Arrested and threatened with death, Fr Peter Geremia has seen it all
Italian missionary looks back on 50 action filled years
In the past four decades, Italian missionary Peter Geremia has been accused of being a communist and a rebel leader, been arrested, forced into hiding and threatened with death.
He has sided with slum dwellers against the demolition of their shanties, worked with indigenous people against large scale mining in the mountains, and stood up for starving farmers during times of drought.
This week marks Geremia’s 50th year as a priest, mostly spent on the southern Philippine island of Mindanao. During his early years in the country, he kept asking himself “Where is God?" he says.
"My experience in the Philippines has been very dramatic.”
He arrived in Manila in 1972 at the height of the Marcos dictatorship, ten years after he was ordained in the United States.
In 1977, he was forced out of his parish following a BBC special on the slums. The police, suspecting that the documentary wouldn’t be favorable to the military regime, arrested Geremia, who later went into hiding.
"My special interest became the organizing of indigenous peoples," he says.
The killing in 1985 of fellow Italian missionary Tulio Favali was a turning point in Geremia's life.
"Favali was killed in my place,” he says. “Obviously the plan was to eliminate myself not Favali. I felt responsible.”
On April 11, 1985. Geremia was in the mountains for a celebration, while Favali was in the convent preparing dinner. After being informed that an armed vigilante group was harassing parishioners and looking for Geremia, Favali went to try to address the situation. He was shot and his brains were eaten, it was determined in court. The vigilante leaders were arrested and tried in court, where they admitted their target was Geremia.
Hundreds of lay Church workers died in Mindanao during the 20 years of martial law.
"I survived while others did not. So I feel I have to continue what we started together," Geremia says.
Apart from the threats to his life, the Italian missionary was also accused of being involved in a raid on a government rice warehouse in 1992.
During a bad drought, people were dying of starvation while the National Food Authority warehouse was filled with rice, Geremia says. The people requested rice distribution as a loan, to be repaid at the following harvest. The petition was approved but the rice was not released. Instead, it was sold on the black market, a court later found. Locals cut the warehouse fence, said a prayer, sang the national anthem, opened the gate, and started distributing rice.

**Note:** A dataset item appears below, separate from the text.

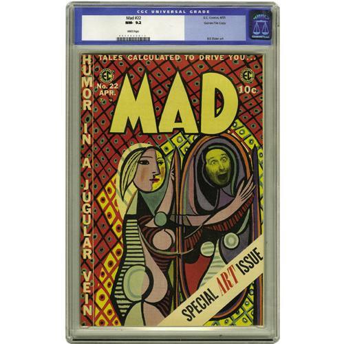 <B>Mad #22 Gaines File pedigree (EC, 1955) CGC NM- 9.2 White pages.</B></I> This is the notorious "Special art issue," with a Picasso-like cover by Harvey Kurtzman, and all interior art by Bill Elder. Although CGC recognizes this book as a Gaines File copy, no certificate accompanies this lot. Overstreet 2006 NM- 9.2 value = $620. CGC census 6/06: 2 in 9.2, 9 higher. <BR><BR><B>Important notice:</B> Heritage usually auctions material at the rate of 200-250 lots per hour. On some occasions eBay Live bid software or the Internet may not be able to keep up with the pace of the auction. We recommend placing a realistic absentee bid now as insurance to avoid disappointment. Occasionally the auctioneer may eliminate or reject an eBay Live bid, and the auctioneer may also reopen a lot after the close of the eBay live bidding (usually because we missed an audience bid), and may reject your bid even if it shows you as the winning bidder. By bidding via eBay Live, you agree that Heritage may award the lot to another bidder at its sole discretion under the circumstances described above or any other reasonable circumstances. Since eBay bids are not shown to us until we open the lot on the floor, we treat those bids just like floor bids. In most cases the floor responds before the eBay bid is presented to us, due to Internet lag time, so for consistency we have made it a policy that floor bids are always considered first over tie eBay live bids. Also please note that all Heritage lots purchased through eBay Live carry a 22.5% Buyer's Premium. Please make sure you read the Terms and Conditions before you bid. This lot is being auctioned in conjunction with a live floor auction by Heritage Auction Galleries. All final auction and invoice information will be supplied by Heritage Auction Galleries, and all other information should be considered preliminary. Lot:41001 <BR><BR><B>Winning Notification and Billing:</B> After the FINAL session in this auction is complete, Heritage will send e-mail and snail mail invoices. This process normally takes several days. All final auction and invoice information will be supplied by Heritage Auction Galleries, and all other information should be considered preliminary. <BR><BR>This auction will be conducted on a live auction floor and over the Internet through eBay Live. If you choose to place an absentee bid, please take a moment to <font color='#0000ff'><u><a href='http://pages.ebay.com/liveauctions/help/before/laabsentee.html'>learn how eBay Live absentee bidding works</a></u></font><font color='#000000'>
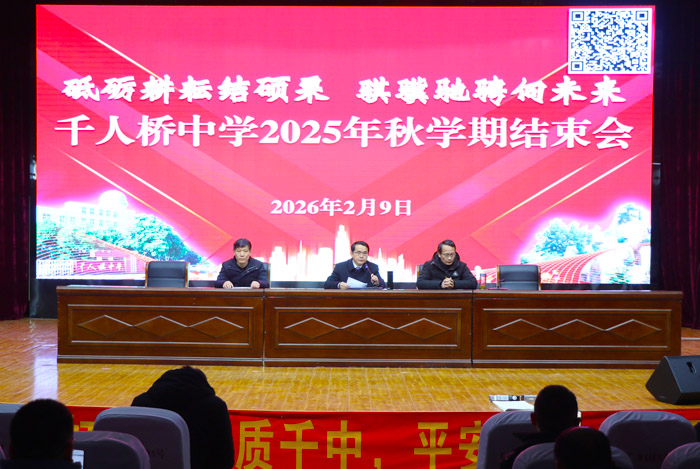 展望2026年新征程,王克胜向全体教职工发出号召,勉励大家拿出“一马当先”的开拓气概、“快马加鞭”的不懈干劲和“蹄疾步稳”的执着韧劲,凝心聚力、加压奋进,立足本职、深耕育人。举校同心落实“八大举措”,持续擦亮千中教育品牌,用心用情用力、同德同向同行,共赴教育高质量发展的星辰大海。最后,他代表学校领导班子向全体教职工致以诚挚的感谢和马年新春祝福,大会在热烈的掌声中圆满结束。

When Geremia was called in, he was arrested and accused of "supporting" the break in. He stayed in jail for 28 days until the people paid his bail.
But Geremia says he draws his inspiration and strength from what he calls the "poor, deprived, oppressed, marginalized, exploited and struggling people."
"I was given this kind of passion and charisma. I always have a feeling that I am not satisfied with the situation. I have this drive to see change. And this has become my passion, that is I believe to help build the Kingdom of God, to build this new society," he says.
As he marks 50 years of priesthood and reflects on his mission during Holy Week, Geremia says the hardest parts of being a missionary is understanding God’s plan of salvation and sharing with the people a sense of hope.
"God has his own plan of salvation. However, we people don’t understand very well. And we missionaries are supposed to make others understand, but we don’t always understand either," he says.
During the early years of his missionary life in Mindanao people had high expectations and were very enthusiastic about social change, he says. But when state repression became more violent, many lost confidence.
"For those of us who continue, from the spiritual point of view, it has become like the passion of Christ," he says.